Bahkan yang paling ekstrem lagi bagi para pecandu gawai mungkin akan memberi statement yaitu "aku rela di penjara dan jarang diberi makan dan tak mandi asal bersama gawai, karena dengan gawai aku merasa hidup lebih sempurna". Hahaha.. Agak lucu juga ya, namun itulah realita.
Dalam dunia literasi, khususnya tentang budaya membaca sudah tentu memiliki peranan yang sangat penting bagi setiap individu dari berbagai latar belakang, apalagi yang bergumul dengan dunia pendidikan. Membaca menjadi sebuah keharusan untuk semakin memperbanyak ilmu pengetahuan.
Mungkin jika disimpulkan, membaca menjadi kebutuhan primer setiap manusia yang diciptakan berakal untuk meningkatkan progres pengetahuannya dari apapun hal yang dibaca, Â apapun latar belakangnya.
Sarana dan Prasarana (Media Literasi) dari generasi ke generasi
Jika kita belajar tentang sejarah, khususnya tentang penyajian tulisan pada sarana (media) tertentu, dimulai dari batu, berlanjut ke kulit binatang, mulai berkembang ke yang semi kertas (papyrus) dan kertas modern yang dibentuk dalam buku yang dikenal hingga kini. (*dikoreksi jika salah)
Oleh karena itu, dengan melihat kembali statement yang disampaikan oleh Bung Hatta yang merupakan seorang pecandu buku maka wajarlah seperti yang disampaikan beliau.
Sarana dan Prasarana (Media Literasi) generasi Z dan Alpha (Generasi Milenial)
Seiring dengan perkembangan teknologi yang kian pesat hingga kini maka media yang menyajikan informasi tidak lagi terpaku dalam bentuk buku teks dan surat kabar.
Informasi-informasi sudah banyak dimuat pada media digital dan bahkan buku-buku karangan yang akan dicetak juga soft filenya pun disajikan dalam bentuk electronic book (e-book) sehingga lebih mudah dan cepat untuk diakses melalui media elektronik.
Berbagai jenis platform pun telah banyak diciptakan dan dikembangkan untuk mendukung penyajian informasi di media digital secara offline dan online pun semakin banyak.
Kini semua masyarakat yang ingin memfasilitasi minat bacanya hampir semuanya beralih media dari cetak ke media digital (online).

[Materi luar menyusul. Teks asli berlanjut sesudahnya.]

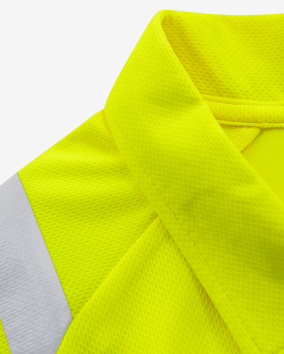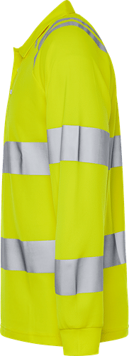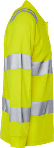 Hogezichtbaarheids poloshirt met lange mouwen gemaakt van gerecycled materiaal van een functioneel breisel voor een beter ademend vermogen. Het lichtgewicht en luchtige materiaal biedt een hoog comfort tijdens warmere werkdagen. Concept: Trofta Gerecycled functioneel breisel. Reflecterende stretch transfers. Kraag van dubbelzijdig materiaal. Raglanmouwen van dubbelzijdig materiaal. 5 cm inzetstuk met opening in het reflecterende gedeelte aan de zijkanten en mouwen voor extra comfort. Goedgekeurd volgens EN ISO 20471 class 3. OEKO-TEX® gecertificeerd. EN 20471 Hoge zichtbaarheidskleding. 100% gerecycled polyester 150 g/m²

Tantangan budaya membaca generasi milenial
Kehadiran teknologi dan perkembangannya dalam berbagai aspek kehidupan memang memberi dampak besar. Salah satunya contohnya telah kita bahas tadi, yaitu dalam dunia literasi bagi masyarakat. Media penyajian tulisan sudah mulai mengalami transisi. Masyarakat hampir tidak lagi memegang dan membaca buku namun lebih memegang gawainya.
Hanya sedikit kemungkinan tujuannya hanya untuk sekedar pamer, maka pertanyaannya apakah proses transisi ke gawai benar-benar dipastikan bahwa gawai yang digunakan memang digunakan untuk membaca e-book, berita dan berbagai informasi penting lainnya? Atau ada tujuan lain?
Kita ketahui bahwa dalam gawai tidak hanya memuat e-book untuk dibaca saja. Berbagai jenis aplikasi dan berbagai jenis aplikasi dan fitur-fitur telah dimuat di gawai sehingga gawai tidak hanya digunakan untuk mengakses e-book melainkan juga sebagai  media hiburan (gaming, music, video, dll), media komunikasi dalam sosial (whatsApp, Facebook, twitter, Instagram, Line, dll), media pembelajaran dan lainnya.
Oleh karena itu, berbagai hal inilah yang menjadi tantangan dalam budaya membaca. Jika seseorang memegang buku maka fokusnya hanya satu yaitu untuk membaca isi buku tersebut.
Sedangkan seseorang yang memegang gawai, tidak 100 persen dipastikan bertujuan untuk membaca e-book. Bahkan kita bisa lihat realita masa kini bahwa masyarakat menggunakan gawai lebih cenderung untuk surfing di media sosial dan hiburan semata (paling banyak gaming bagi para kaum muda).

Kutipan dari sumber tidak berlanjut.